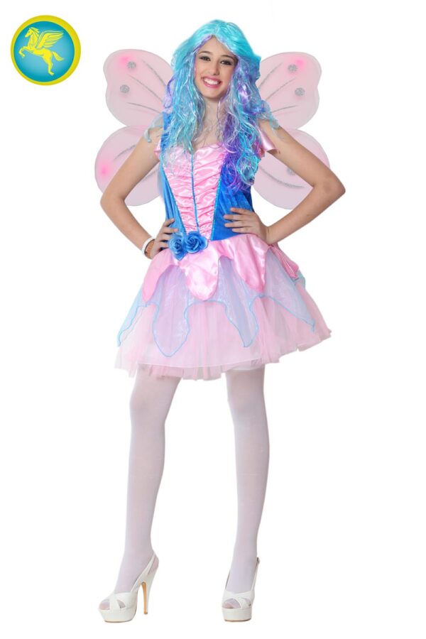 Il costume farfalla azzurra è disponibile in 3 taglie a partire da S fino a L.Nel pratico scatolo 8x48x36 del costume da Farfalla azzurra troverai i seguenti elementi: vestito, parrucca, calze e ali. Il costume è realizzato in ciniglia, raso, tulle, tulle operato e filo paillettes. farfalla, bloom, winks, musa, winx, flora, FANTASIAADULTO, offerta
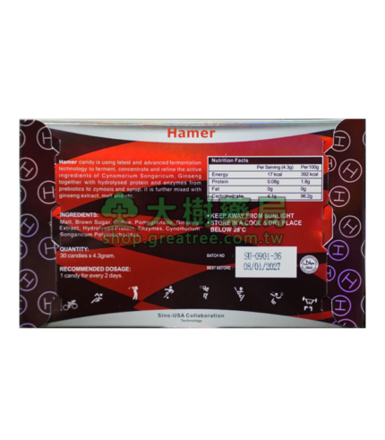 精力充沛:提高我們的機能,並保持一個健康和快樂的生活,從汗馬糖中獲取氨基酸的補充,尤其是在鍛煉之中,它會很快的使您的身體更加敏捷和強勁有力。
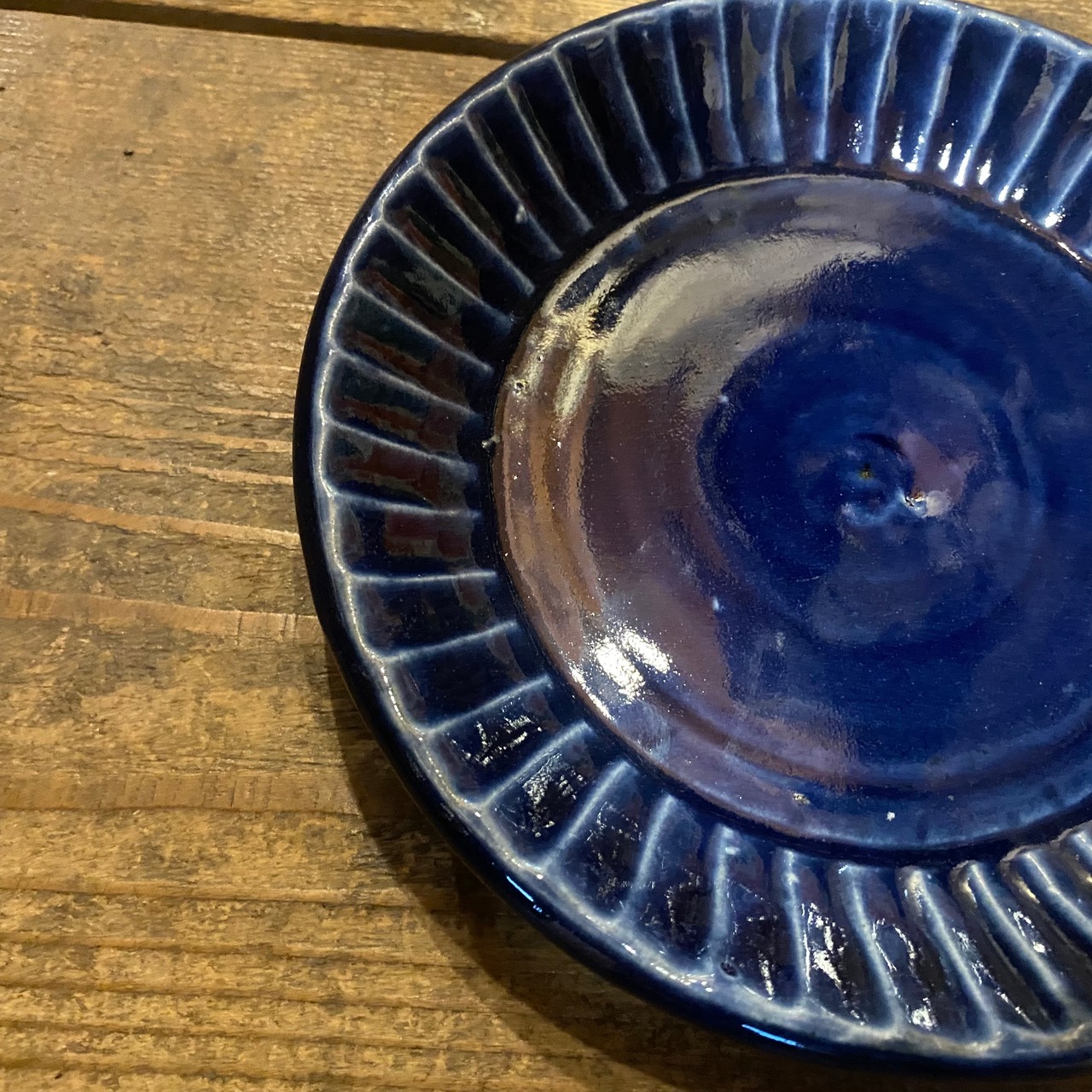 丹波焼 俊彦窯 六寸皿 呉須釉 フチ鎬手
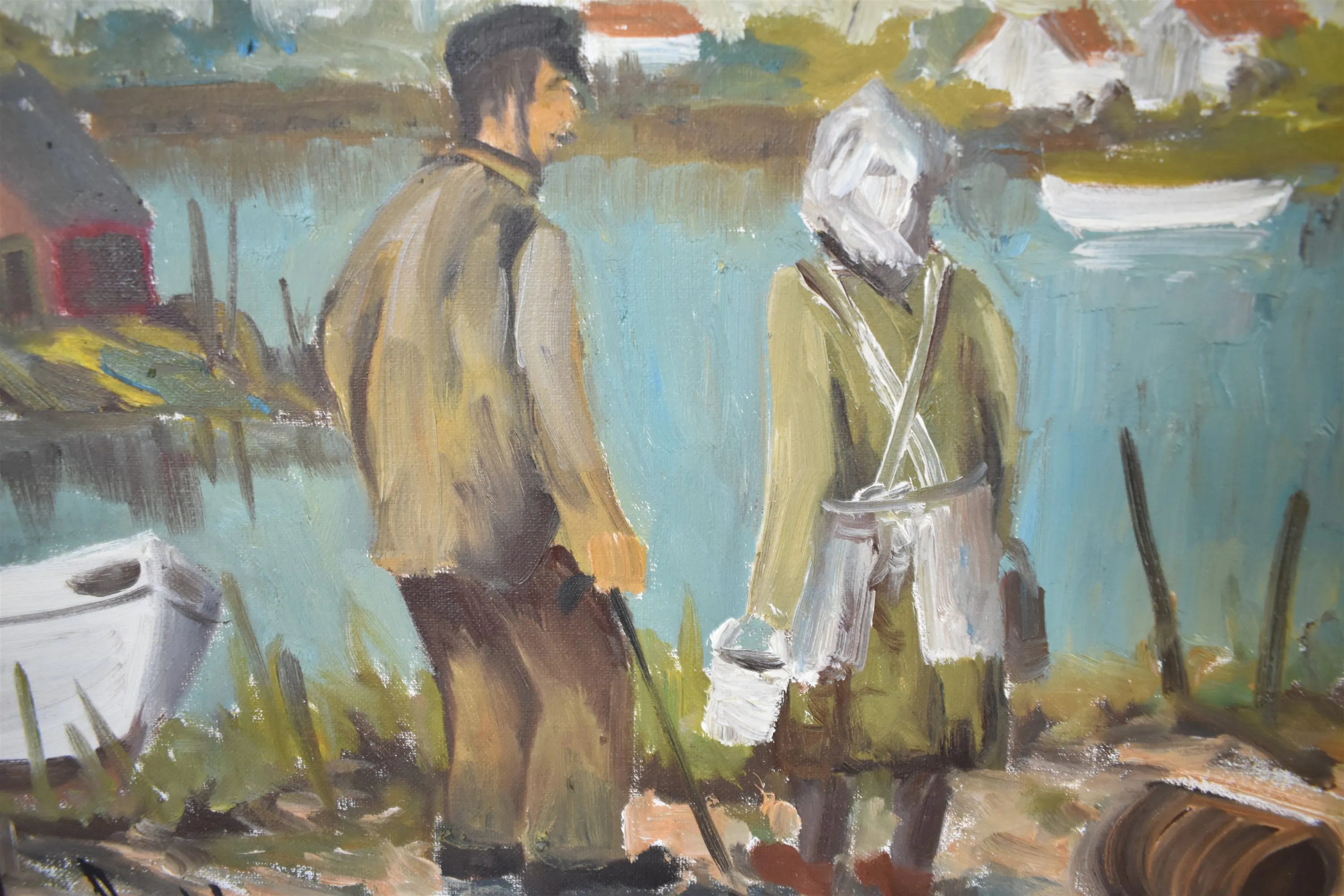 15406. Arne Wahlström, olja på duk, "Fiskarpar", mått 54x 63 cm70 x 60 cm
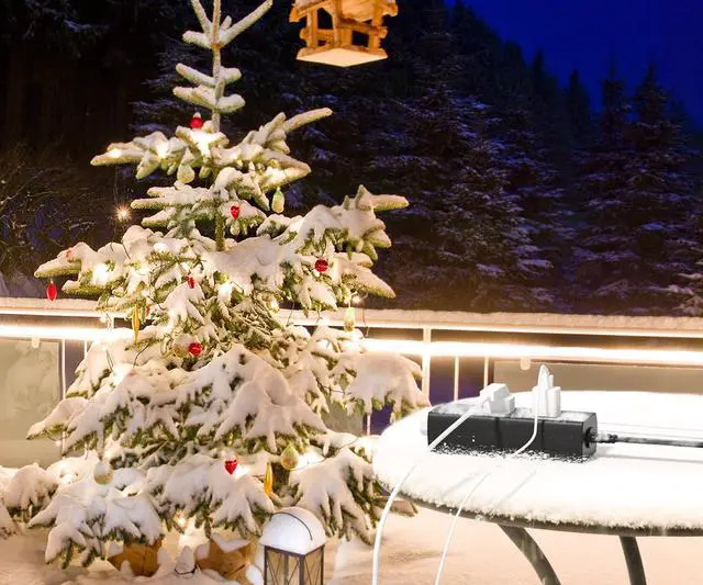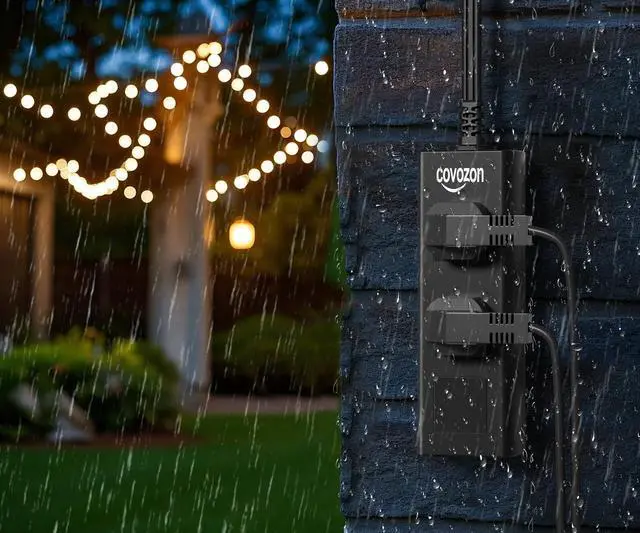 Waterproof power strip: The IPX6 waterproof outdoor surge protector is resistant to rain, water splashes, and even flowing water. Water that flows into the outdoor power strip will flow out through the drainage holes on the back. This means that both AC outlets will keep working in places like kitchens, bathrooms, porches, and the outdoors. Note: This extension cord outdoor can't be completely submerged in water as it's not IPX8
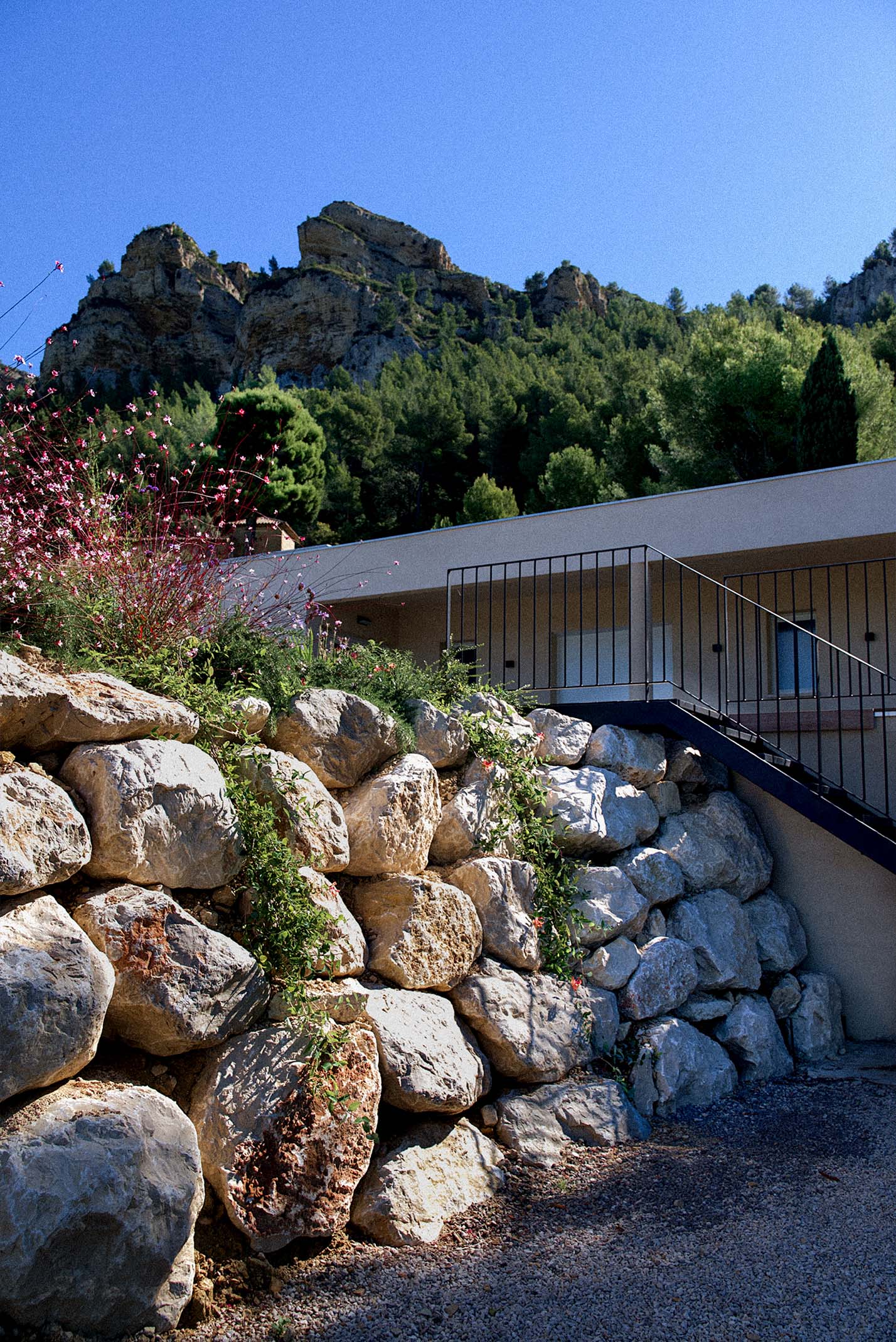 Conception sur plan du projet pour la création d’un jardin sur enrochement et en talus, engazonnement, maçonnerie paysagère, terrain de pétanque, plantations et arrosage.
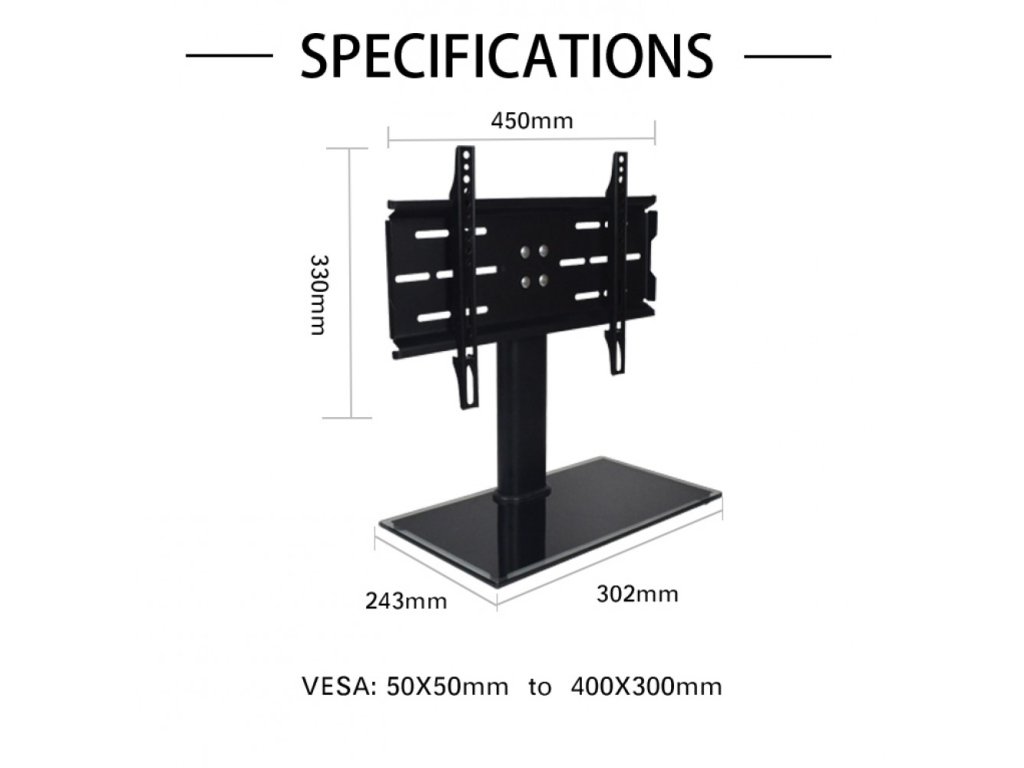 Stolní TV stojan pro úhlopříčky 26″–42″ s výškovým nastavením a stabilní konstrukcí. Elegantní černé provedení, VESA až 400×300 mm. Stylové a stabilní řešení pro umístění televizoru bez vrtání do zdi.
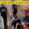 Yaşlı kadın inşaat alanına düştü
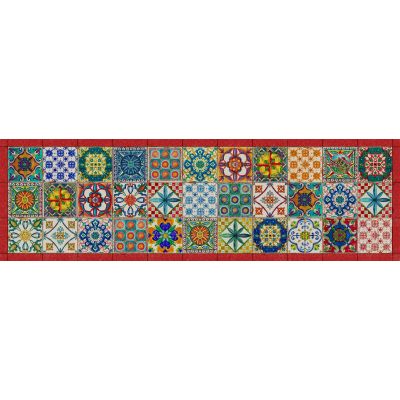 Tip Tapp Rugs by Tessitura Toscana Telerie are great indoor/outdoor rugs. You can spruce up any space with these rugs. Whether it is your kitchen, entryway, bathroom or porch they will bring some color and flair. Camastra is a fun geometric pattern that comprises of gorgeous Italian tiles. Due to its small grips on the bottom side your rug will be stable and be non-slip. Machine washable. Rugs come in a recycled polyester case. 80% recycled polyester 20% polyester.

####################

* What you need to do
All lines from the one containing "Stolní TV stojan" through the end of the entries, both ends included, should be written out exactly, with no pictures.

* Written solution
 Stolní TV stojan pro úhlopříčky 26″–42″ s výškovým nastavením a stabilní konstrukcí. Elegantní černé provedení, VESA až 400×300 mm. Stylové a stabilní řešení pro umístění televizoru bez vrtání do zdi.
 Yaşlı kadın inşaat alanına düştü
 Tip Tapp Rugs by Tessitura Toscana Telerie are great indoor/outdoor rugs. You can spruce up any space with these rugs. Whether it is your kitchen, entryway, bathroom or porch they will bring some color and flair. Camastra is a fun geometric pattern that comprises of gorgeous Italian tiles. Due to its small grips on the bottom side your rug will be stable and be non-slip. Machine washable. Rugs come in a recycled polyester case. 80% recycled polyester 20% polyester.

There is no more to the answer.